- [Given entries]:
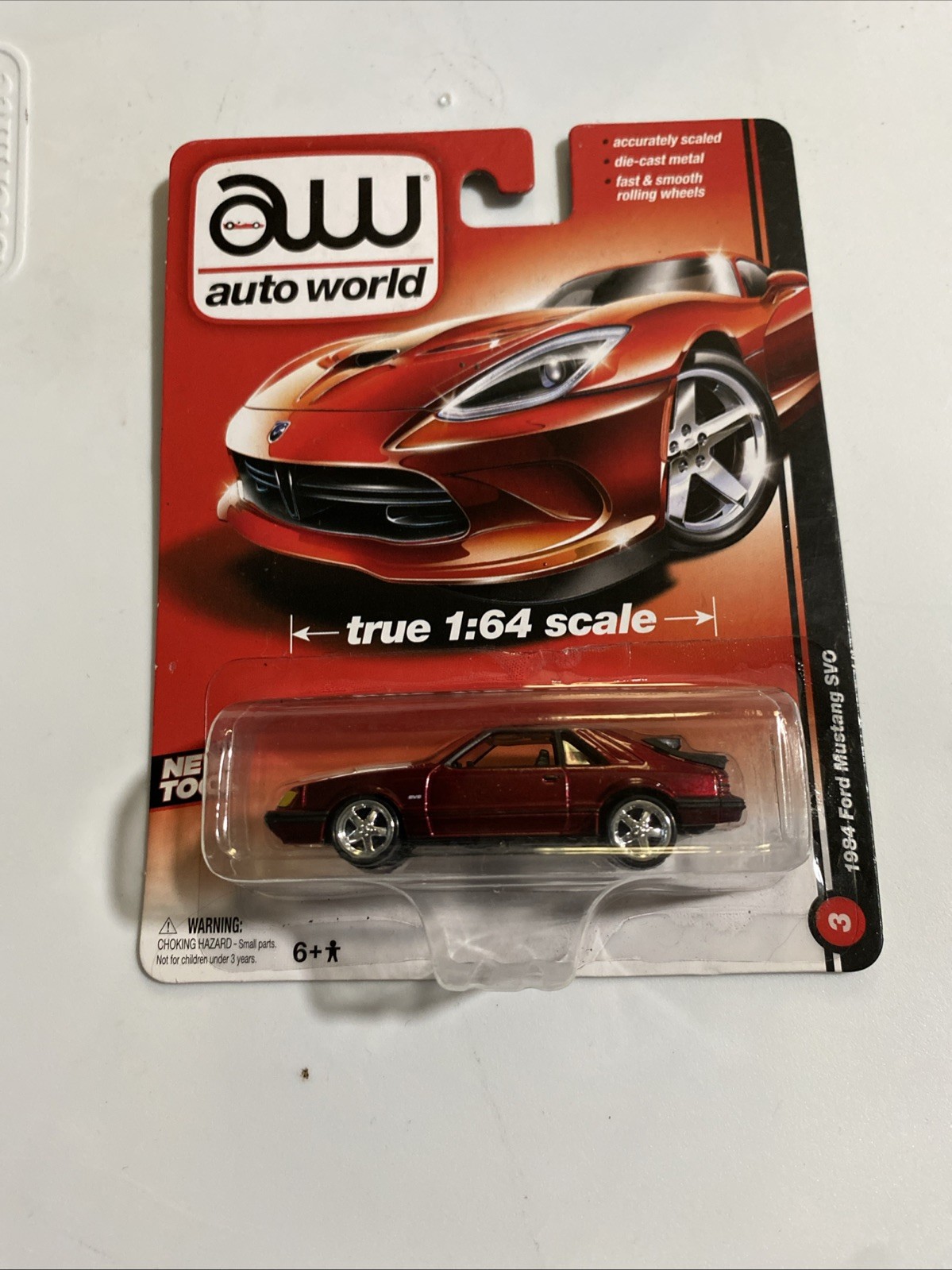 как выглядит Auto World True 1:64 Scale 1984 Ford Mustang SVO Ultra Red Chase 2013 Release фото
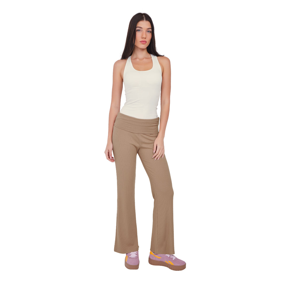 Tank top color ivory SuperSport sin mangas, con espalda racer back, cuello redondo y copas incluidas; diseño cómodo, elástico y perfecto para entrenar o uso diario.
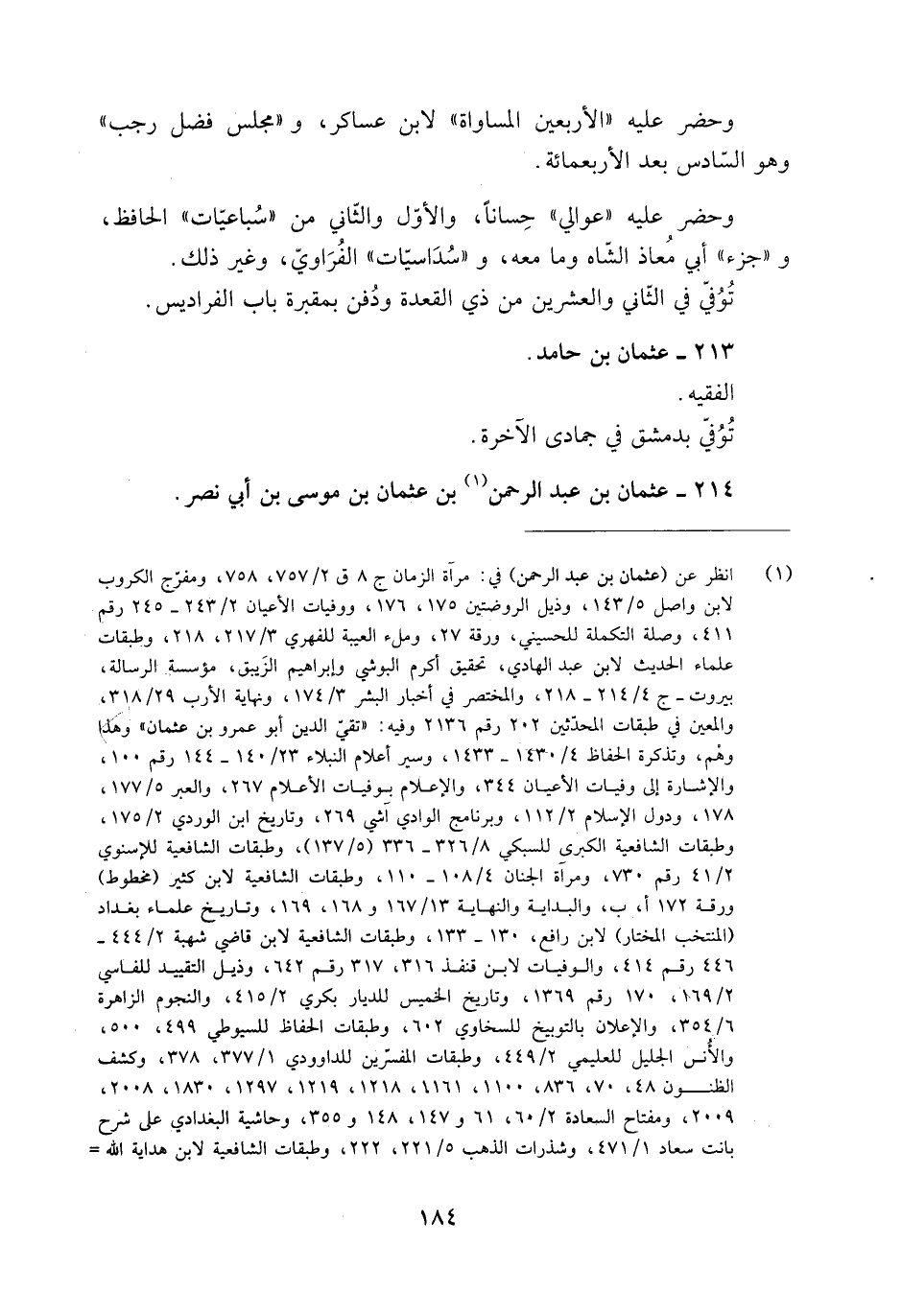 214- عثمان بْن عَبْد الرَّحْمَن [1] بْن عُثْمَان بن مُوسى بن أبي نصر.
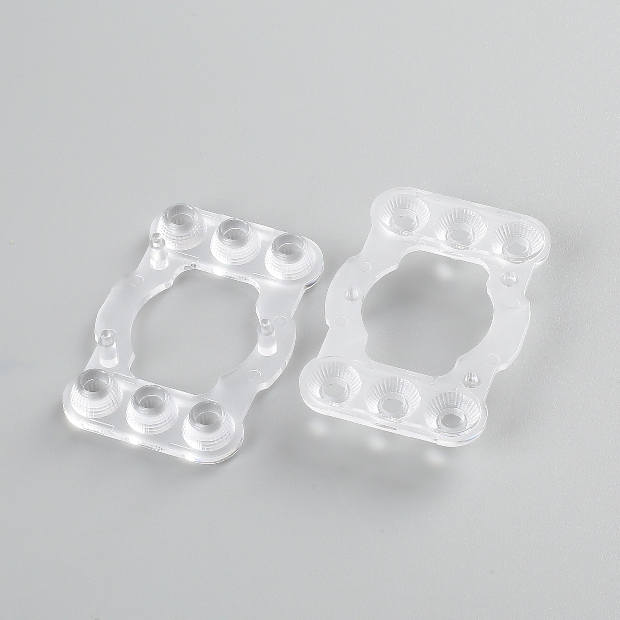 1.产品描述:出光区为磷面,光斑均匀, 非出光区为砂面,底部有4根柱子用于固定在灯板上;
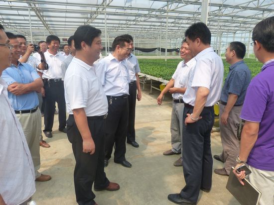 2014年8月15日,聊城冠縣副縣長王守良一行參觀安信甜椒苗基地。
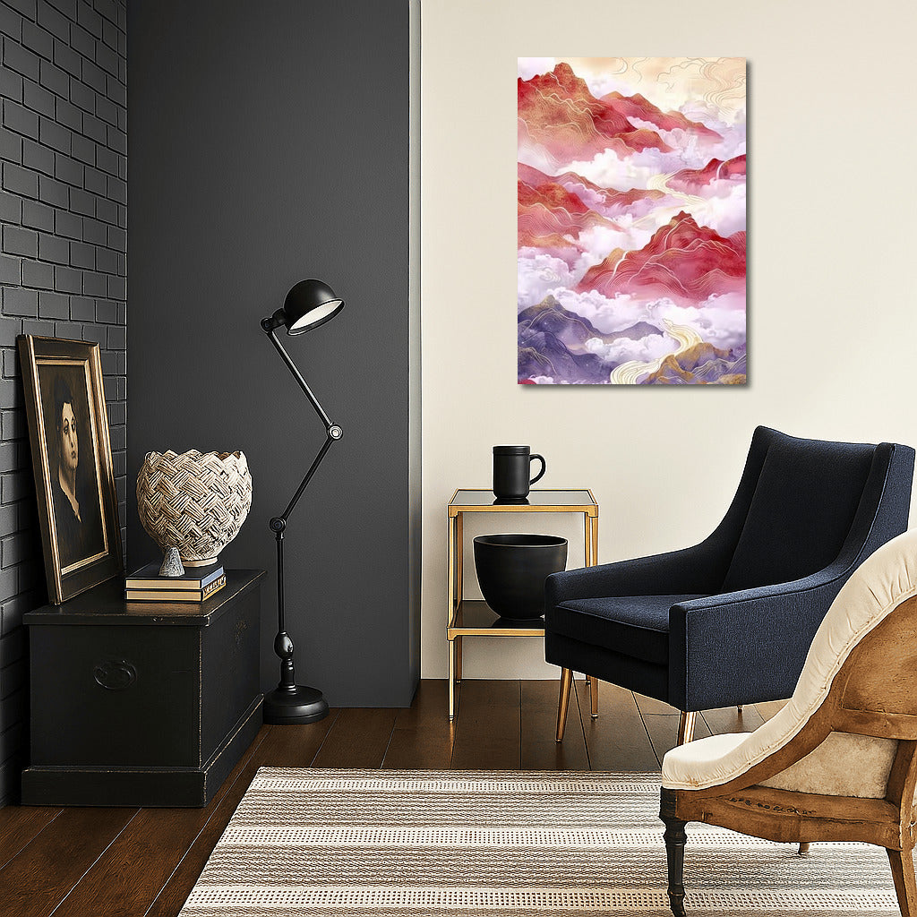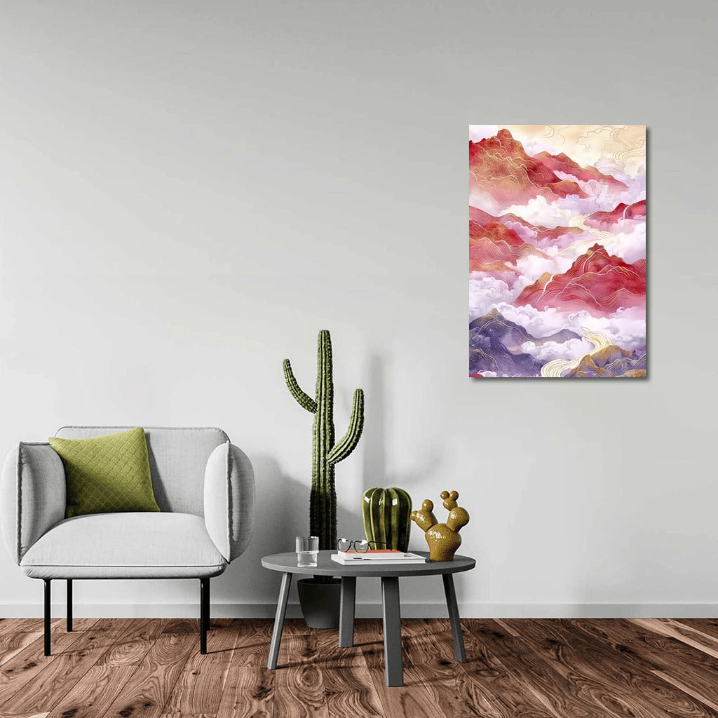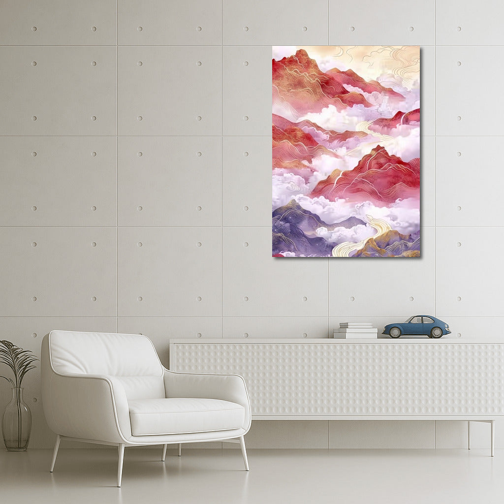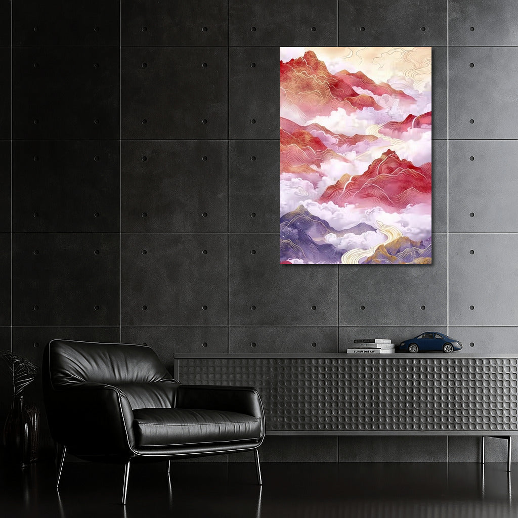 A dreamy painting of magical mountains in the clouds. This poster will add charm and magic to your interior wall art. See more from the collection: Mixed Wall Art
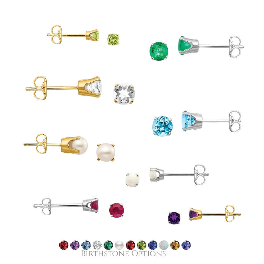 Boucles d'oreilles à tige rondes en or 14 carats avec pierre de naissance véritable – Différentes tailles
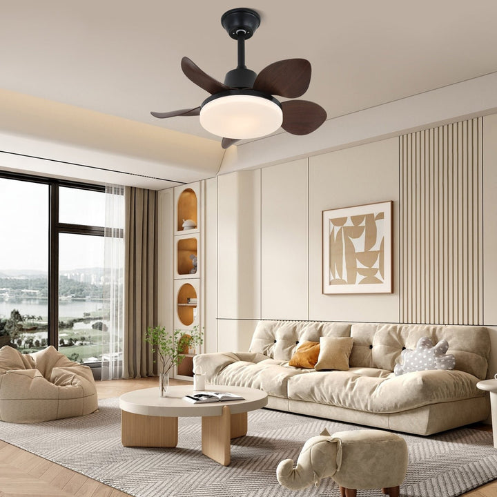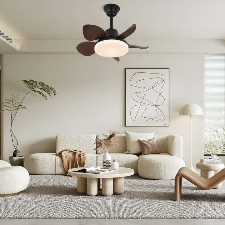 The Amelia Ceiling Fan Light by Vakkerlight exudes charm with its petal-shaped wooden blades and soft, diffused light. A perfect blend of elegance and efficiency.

- [Instructions for the task]: Reproduce the records in full and leave the images behind.

- [Solution for this problem]:
 как выглядит Auto World True 1:64 Scale 1984 Ford Mustang SVO Ultra Red Chase 2013 Release фото
 Tank top color ivory SuperSport sin mangas, con espalda racer back, cuello redondo y copas incluidas; diseño cómodo, elástico y perfecto para entrenar o uso diario.
 214- عثمان بْن عَبْد الرَّحْمَن [1] بْن عُثْمَان بن مُوسى بن أبي نصر.
 1.产品描述:出光区为磷面,光斑均匀, 非出光区为砂面,底部有4根柱子用于固定在灯板上;
 2014年8月15日,聊城冠縣副縣長王守良一行參觀安信甜椒苗基地。
 A dreamy painting of magical mountains in the clouds. This poster will add charm and magic to your interior wall art. See more from the collection: Mixed Wall Art
 Boucles d'oreilles à tige rondes en or 14 carats avec pierre de naissance véritable – Différentes tailles
 The Amelia Ceiling Fan Light by Vakkerlight exudes charm with its petal-shaped wooden blades and soft, diffused light. A perfect blend of elegance and efficiency.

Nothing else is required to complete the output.